O presidente da Uefa, Aleksander Ceferin, descartou-se definitivamente da corrida para substituir Gianni Infantino como presidente da Fifa, mas antecipa que um forte desafiante surgirá contra a liderança de Infantino antes das eleições de março de 2027. A previsão de Ceferin surge em meio a controvérsias contínuas envolvendo o atual chefe da Fifa, incluindo um plano de investimento privado cancelado e alegações de interferência política.
Ceferin, de 57 anos, afirmou que a sua falta de interesse na presidência da Fifa decorre do seu compromisso com a Uefa e do desejo de “aproveitar um pouco a vida”, ao mesmo tempo em que acredita que a sua credibilidade é reforçada por não buscar o principal cargo do futebol mundial. Apesar da sua decisão pessoal, o esloveno espera que Infantino, de 56 anos, enfrente um teste significativo no próximo Congresso da Fifa.
O controverso plano comercial de Infantino e a reação da Uefa
Um grande ponto de discórdia entre a Fifa e a Uefa foi a controversa proposta de Infantino de vender participações nas competições da Fifa a investidores privados. O plano envolvia a criação de uma nova entidade, a Fifa Forward Enterprise (FFE), que geriria os direitos comerciais e de bilheteria de todos os torneios da Fifa. Uma participação de 21% na FFE estava prevista para ser vendida a uma empresa de investimento privado.

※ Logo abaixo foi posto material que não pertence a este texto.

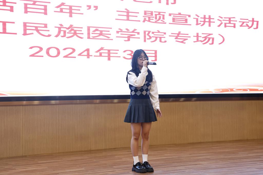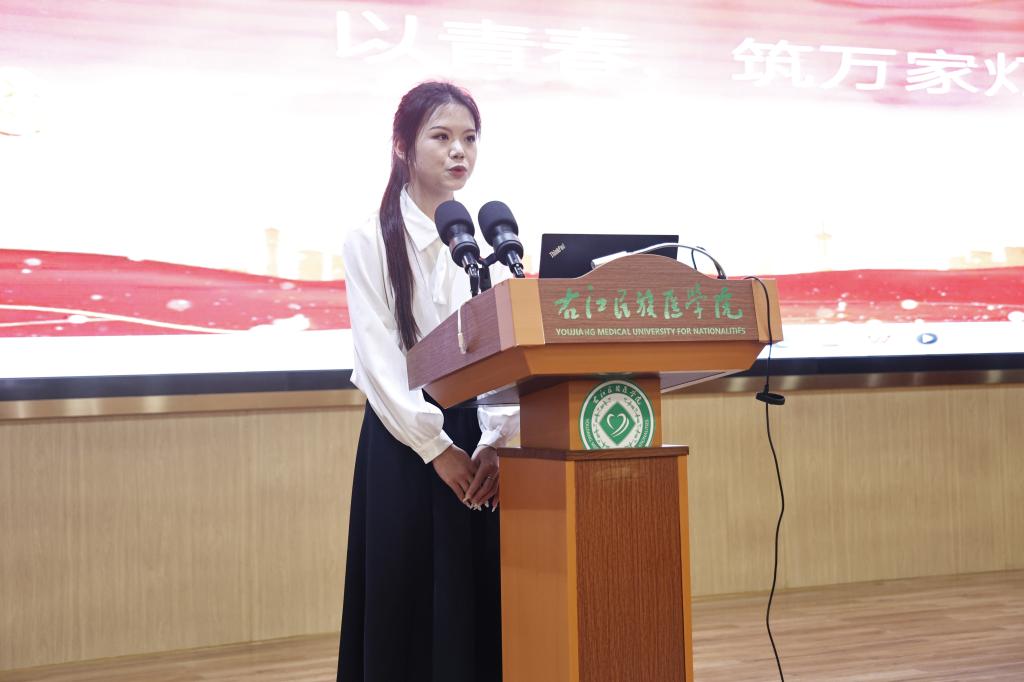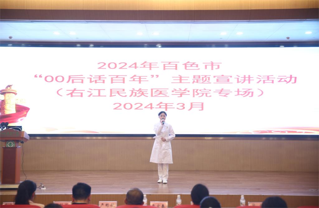 广西壮族自治区“00 后话百年”讲师团成员、百色市宣讲团成员、必赢官网2022级护理学本科1班学生张怡宣讲《用生命诠释最美青春》。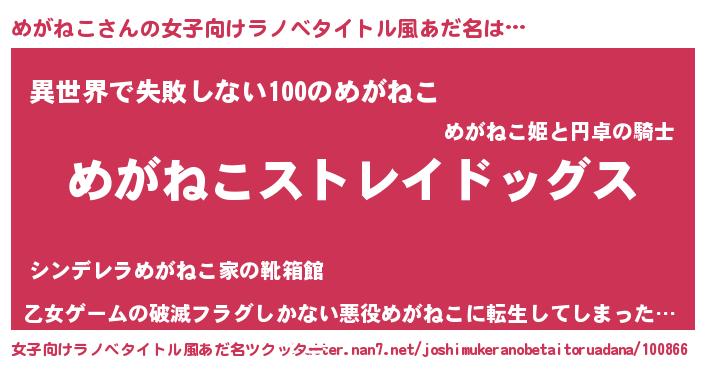 | 男性向けラノベタイトル風あだ名 | 『Re:めがねこから始める異世界生活』 |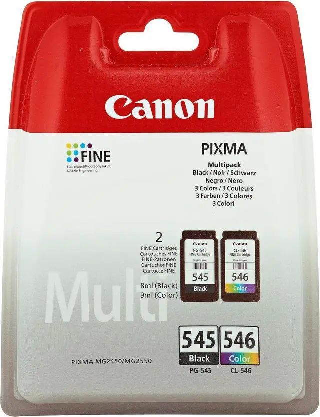Canon PG-545 / CL-546 Multipack - Print cartridge - 1 x black, colour (cyan, magenta, yellow) - 180 pages - for PIXMA MG2250, MG2450, MG2550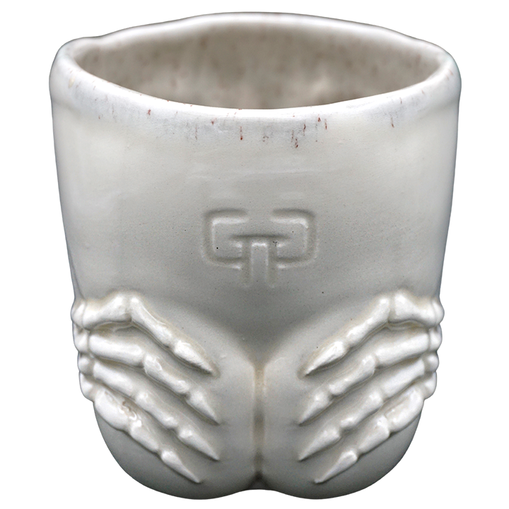 This ceramic cocktail mug depicts a human skull with breasts for eyes and a fleshy tongue that is sticking out. The jawbone of the skull transitions into skeleton arms that reach around the back of the mug to grab the skull’s butt.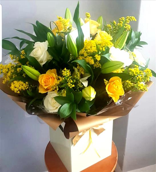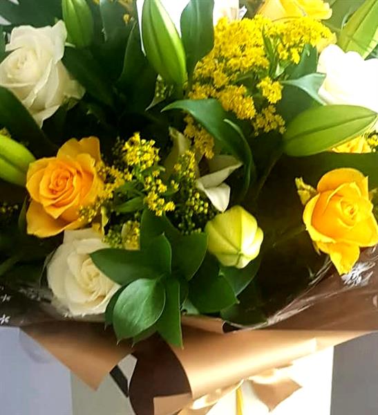 Send your congratulations with this Beautiful bouquet featuring yellow Rose's and classic white lily.accompanied by bright yellow solidago and fresh greenery. This beautiful bouquet is hantied in water and available for various occasions including Anniversary cheer.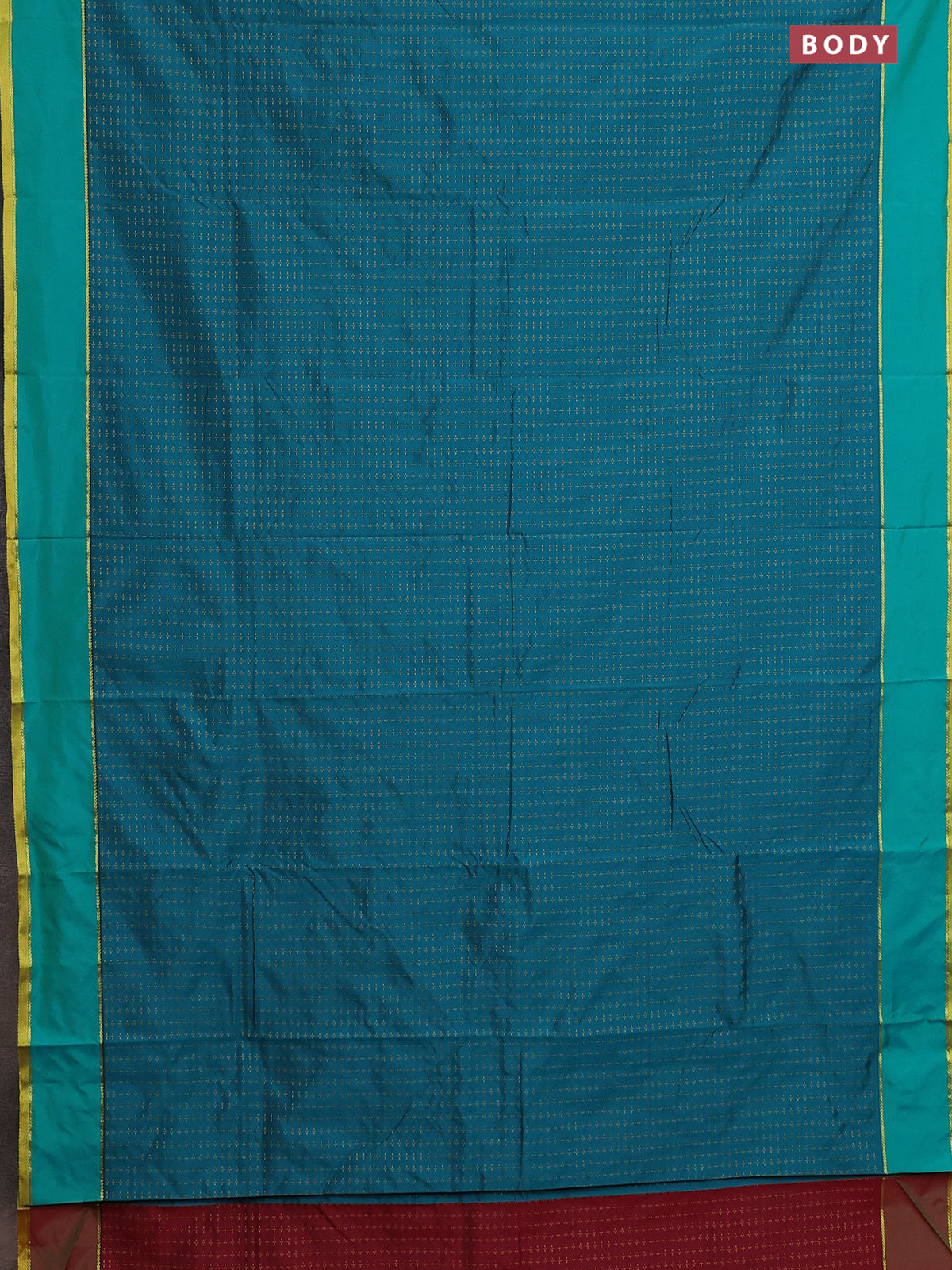 Arani semi silk saree teal green and dual shade of maroonish green with allover thread weaves and rettapet zari woven border`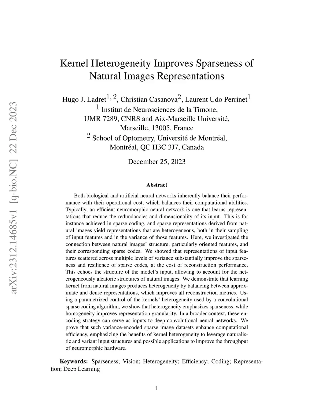 Both biological and artificial neural networks inherently balance their performance with their operational cost, which balances their computational abilities. Typically, an efficient neuromorphic neural network is one that learns representations that reduce the redundancies and dimensionality of its input. This is for instance achieved in sparse coding, and sparse representations derived from natural images yield representations that are heterogeneous, both in their sampling of input features and in the variance of those features. Here, we investigated the connection between natural images' structure, particularly oriented features, and their corresponding sparse codes. We showed that representations of input features scattered across multiple levels of variance substantially improve the sparseness and resilience of sparse codes, at the cost of reconstruction performance. This echoes the structure of the model's input, allowing to account for the heterogeneously aleatoric structures of natural images. We demonstrate that learning kernel from natural images produces heterogeneity by balancing between approximate and dense representations, which improves all reconstruction metrics. Using a parametrized control of the kernels' heterogeneity used by a convolutional sparse coding algorithm, we show that heterogeneity emphasizes sparseness, while homogeneity improves representation granularity. In a broader context, these encoding strategy can serve as inputs to deep convolutional neural networks. We prove that such variance-encoded sparse image datasets enhance computational efficiency, emphasizing the benefits of kernel heterogeneity to leverage naturalistic and variant input structures and possible applications to improve the throughput of neuromorphic hardware.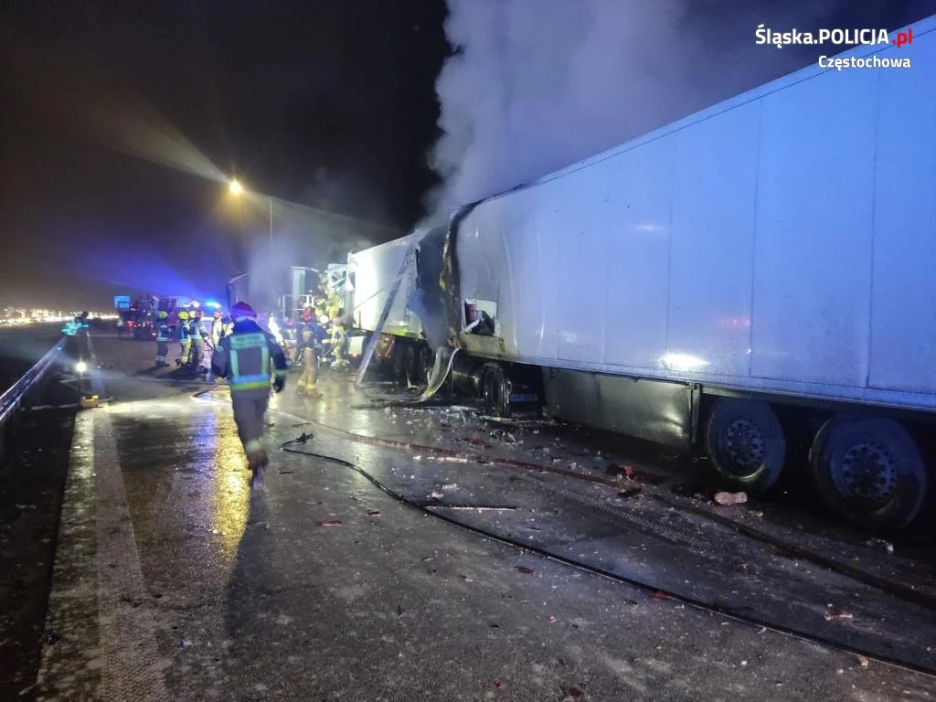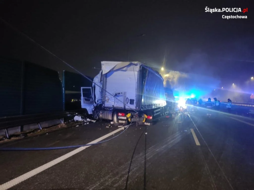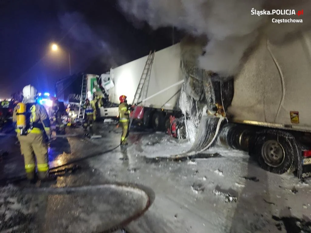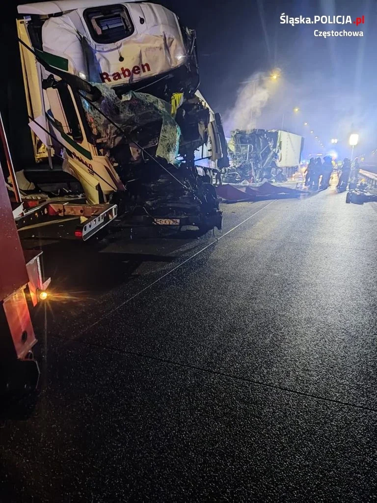 Wstępne ustalenia wskazują, że kierujący zestawem pojazdów marki Scania najechał na tył stojącego na prawym pasie ruchu w zatorze drogowym inny zestaw pojazdów. Samochody stanęły w ogniu. Siła uderzenia była tak duża, że kolejne 3 poprzedzające zestawy pojazdów uległy uszkodzeniu. Niestety w wyniku tego zdarzenia 41-letni kierujący scanią poniósł śmierć na miejscu. 66-letni kierujący ciągnikiem marki Mercedes w ciężkim stanie został przewieziony do szpitala. Droga do wczesnych godzin porannych była zablokowana.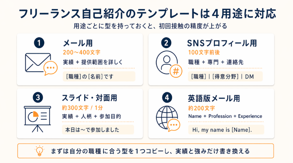 フリーランス自己紹介のテンプレートは4用途に対応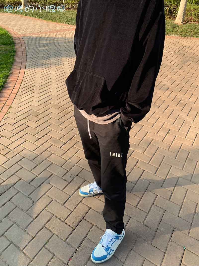 Roaring Little Eyes Amiri Style Black Base High Street Casual Long Pants Sports Pants Non FOG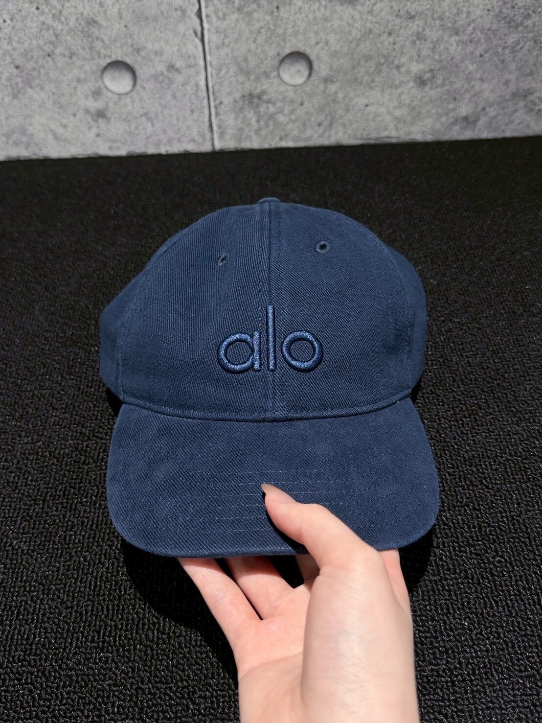 alo 質感水洗深藍 海軍藍 刺繡Logo 老帽 Jisoo款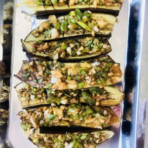 取出茄子将上面的酱汁均匀涂抹在茄子上,放入烤箱,160度上下火中层烤制10分钟。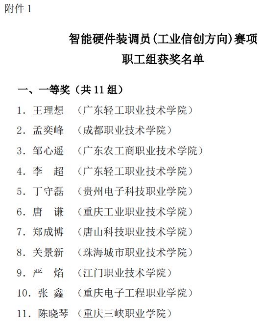 2023年12月10日,由中国电子企业协会、中国就业培训技术指导中心主办的2023年全国行业职业技能竞赛—第二届全国电子企业职业技能竞赛智能硬件装调员(工业信创方向)赛项,其职工组全国总决赛在广东轻工职业技术学院隆重举行,大赛吸引了来自全国各地的逾百支优秀队伍报名参与角逐。本次大赛对获得职工组前3名的选手,授予“全国技术能手”称号。对获得前4-15名的选手,按相关规定晋升高级工职业技能等级,已具有高级工职业技能等级的,可晋升技师职业技能等级。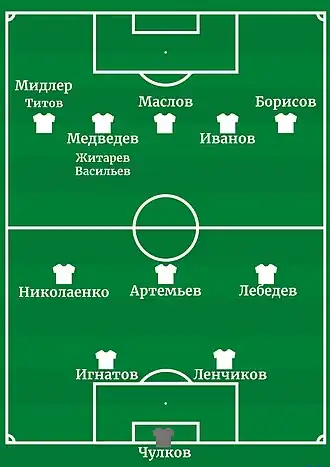 | «Динамо» Москва: Чулков - Ленчиков, Игнатов - Лебедев, И.Артемьев |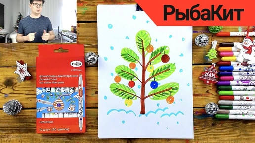 Как нарисовать ЁЛОЧКУ флометерами - урок рисования от РыбаКит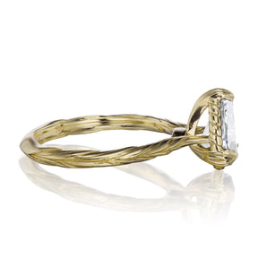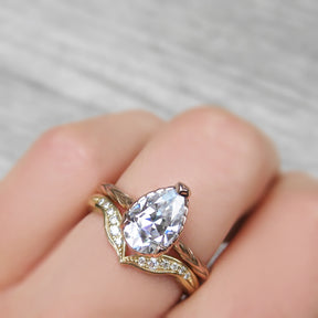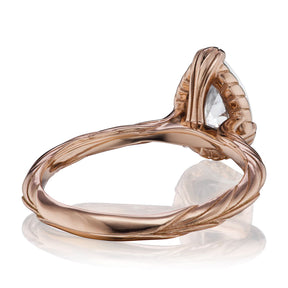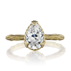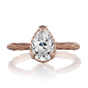 The Fiona is the perfect mix of organic-meets-refined. The floral basket setting and willow leaf-inspired shank put a unique twist on the classic solitaire design. Featuring a pear Forever One™ moissanite, the Fiona is as ethical as it is sparkling.

A Uefa liderou uma forte reação contra a proposta, com os seus membros chegando a votar pelo boicote às Copas do Mundo, a menos que o plano fosse abandonado. Ceferin foi particularmente crítico, tomando conhecimento do plano através da mídia enquanto estava de férias. Ele fez uma comparação contundente com um empreendimento anterior malfadado.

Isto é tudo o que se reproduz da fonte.